*What to produce*.
Exactly the lines from the one containing "Veľký okrúhly stôl" through the one containing "Rising Stars RS" in the listing below are to be copied, with the pictures left out.

*Given data*.

——————————

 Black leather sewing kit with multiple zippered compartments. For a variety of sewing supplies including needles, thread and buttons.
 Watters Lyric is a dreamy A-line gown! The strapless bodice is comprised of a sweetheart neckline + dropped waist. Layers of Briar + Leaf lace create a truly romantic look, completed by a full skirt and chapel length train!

——————————

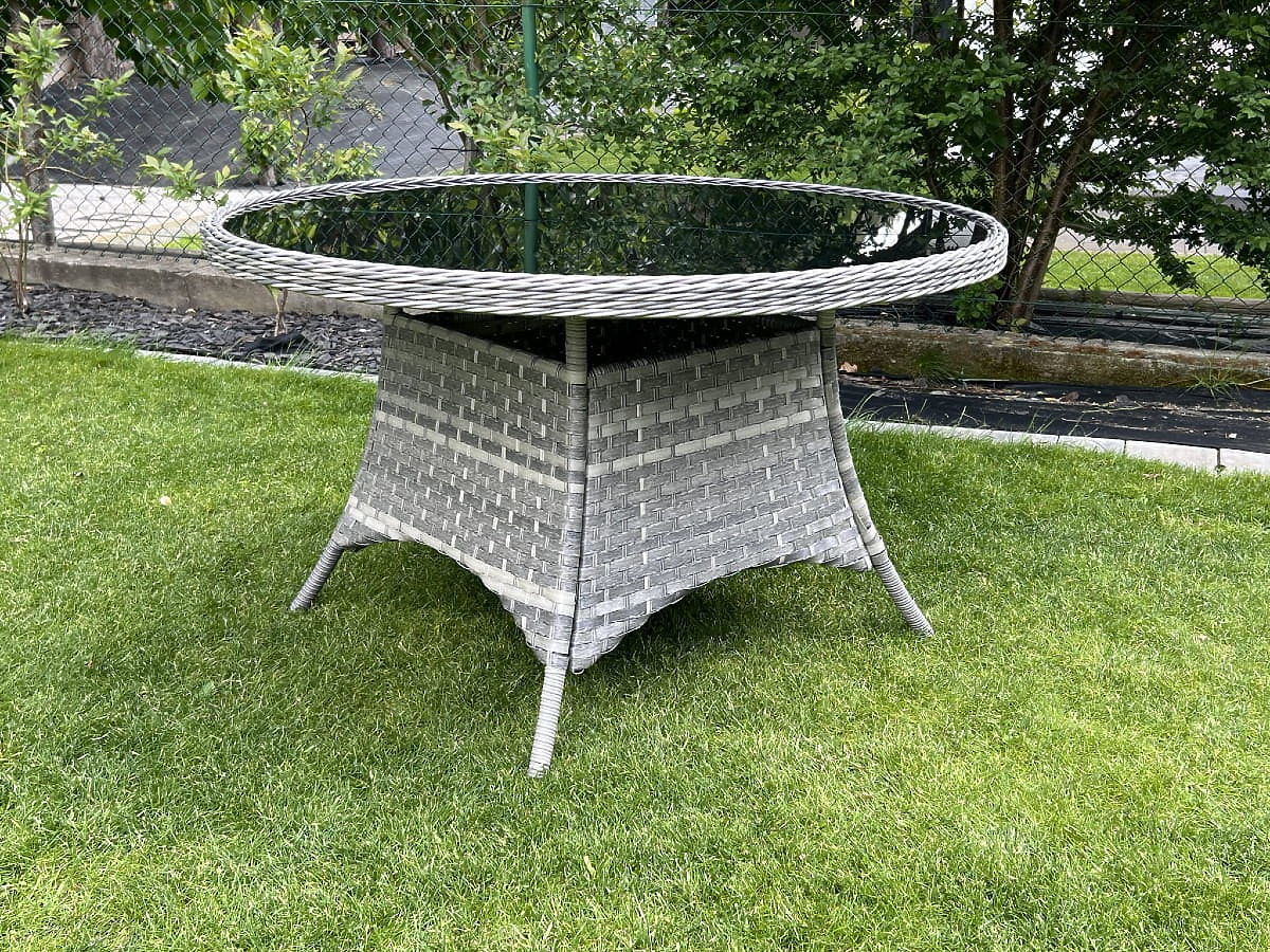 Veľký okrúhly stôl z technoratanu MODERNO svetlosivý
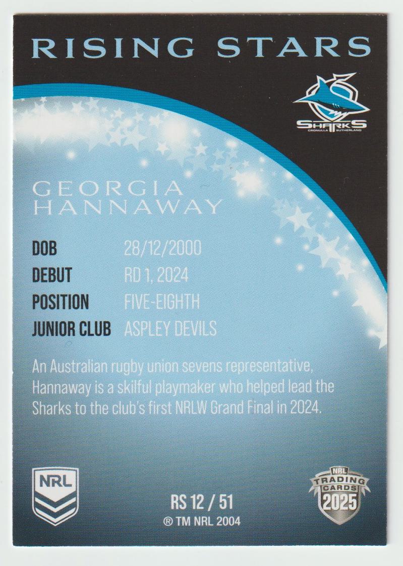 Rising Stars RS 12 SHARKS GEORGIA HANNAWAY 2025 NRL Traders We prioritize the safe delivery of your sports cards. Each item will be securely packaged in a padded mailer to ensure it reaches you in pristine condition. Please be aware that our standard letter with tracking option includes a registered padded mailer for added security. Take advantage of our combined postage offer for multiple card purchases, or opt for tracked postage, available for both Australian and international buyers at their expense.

——————————

*Your response*.
 Veľký okrúhly stôl z technoratanu MODERNO svetlosivý
 Rising Stars RS 12 SHARKS GEORGIA HANNAWAY 2025 NRL Traders We prioritize the safe delivery of your sports cards. Each item will be securely packaged in a padded mailer to ensure it reaches you in pristine condition. Please be aware that our standard letter with tracking option includes a registered padded mailer for added security. Take advantage of our combined postage offer for multiple card purchases, or opt for tracked postage, available for both Australian and international buyers at their expense.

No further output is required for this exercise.